I dunno, man. I’d be inclined to forward this to the Department Of Who Gives A Shit (a subdivision of Tough Titty, Inc). This girl had a very specific list of demands for her dream guy, and “straight” wasn’t one of them. If “pedigree” and “salary” are prerequisites for dating this girl, then she has a very different worldview from the one I have, and thus I can’t pretend to know what she values in a relationship. For all I know, she prefers financial security and a man who likes shopping more than a hard dick giving her body-shaking orgasms, so maybe she’s happier being a beard than being desired. Who knows? If she’s happy, let her be happy.
**********
Dear KSK,
First off, want to say thanks for the how to recover after a relationship ends advice. Got out of a long-term serious relationship a couple of months ago, and after realizing I was being an idiot for a couple weeks, I started working out like crazy and going out with my friends again, and I am really enjoying myself so thanks.

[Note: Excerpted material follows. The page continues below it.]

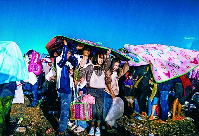 Myanmar’ın Kuzeydoğu Shan Eyaleti’nde sağanağın altında, battaniyelere ve naylon örtülere sarılarak ışık festivalinin büyüsünü korumaya çalışan kalabalık, sırılsıklam olmuş bedenleriyle gülümsüyor. Dostlarla bir arada olmak yağmurun serinliğini sıcaklaştırıyor. (Sai Aung MAIN / AFP)
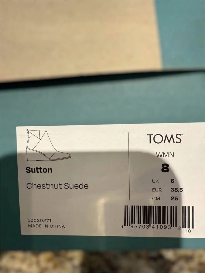 Buy & SellNew - chestnut brown suede TOMS Sutton wedge booties - size 8New - chestnut brown suede TOMS Sutton wedge booties - size 8$40TOMS wedge booties, chestnut brow. New in box, with tagsWHERE TO MEETCheck LocationView MapSELLERCandaceCooksville381 review0 chats·0 favorites·6 viewsSEND CHAT TO SELLERHi Candace! I’m interested in your listing.Hi Candace! I’m interested in your listing.Get the Karrot app to chatSign In to chat

You’re welcome! Although I should point out that you did all the hard work.
Now to my question: I am just beginning to hook with someone I know through a mutual friend on campus (I’m in school.) I told her I am not looking for anything serious and just looking to have fun. She feels the same, although I know that eventually she will want more and things will end badly; that’s not my issue.
I have also begun talking with another girl who lives a couple of hours away from where I am now; however, she will be 15 min away from me this Summer. There is a lot of sexual tension, and it looks promising. However…they know each other. They like each other’s status updates on facebook, they are in pictures together…how do I pull this off? I feel like if I start hooking up with the second girl in a month or two, I can just disappear off facebook and maybe that will help? (they both write on my wall, too….which is annoying).
You can turn off people’s ability to write on your wall. I did this, like, the day after I joined Facebook. No fucking thank you. Send me a message.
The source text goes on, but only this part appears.